Released: December 20

Sitting somewhere in the overlap of doom metal and noise, The Westering Sun is a slow-burn album written in honor of the long winter and the disappearance of the sun. It definitely has this feeling to it throughout the five track run, but its strongest aspect (in my opinion, at least) is the integration of these interesting guitar licks among the saturated atmosphere of heavy distortion and rumbling feedback. The opening track, "The Withered Land," puts this on full display right out the gate as it opens up with deep distorted tones that grumble along until a higher pitched bit of guitar pops in with just a couple of notes at first. Then, as he track progresses, we get more and more of this blues-y rock noodling while the background distortion continues in an ominous ebb and flow. 

The whole dynamic of the album is rather cinematic in an odd way, with some very dark and gothic themes at play. The tones are captivating and the lack of any percussion at all doesn't feel like anything is missing.

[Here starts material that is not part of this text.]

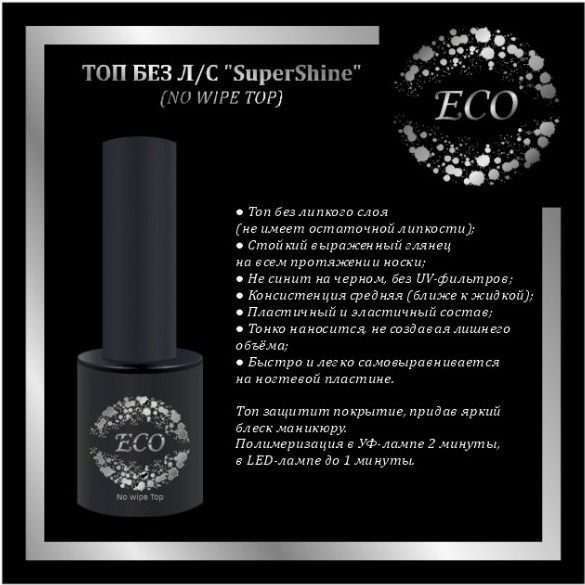 ECO, Суперглянцевый топ без липкого слоя, закрепитель для гель-лака (шеллак) 10мл

While much of the album feels like it could just be dark wall of noise, it is all of these semi-melodic flourishes that keep popping in at strange intervals that makes this album stand out. I can imagine listening to this album as a the sun sets on a desolate snow-and-ice-covered land with an unusual lack of vibrancy. It makes for a fascinating sonic exploration of the winter, a time of muted colors and oft-gray skies.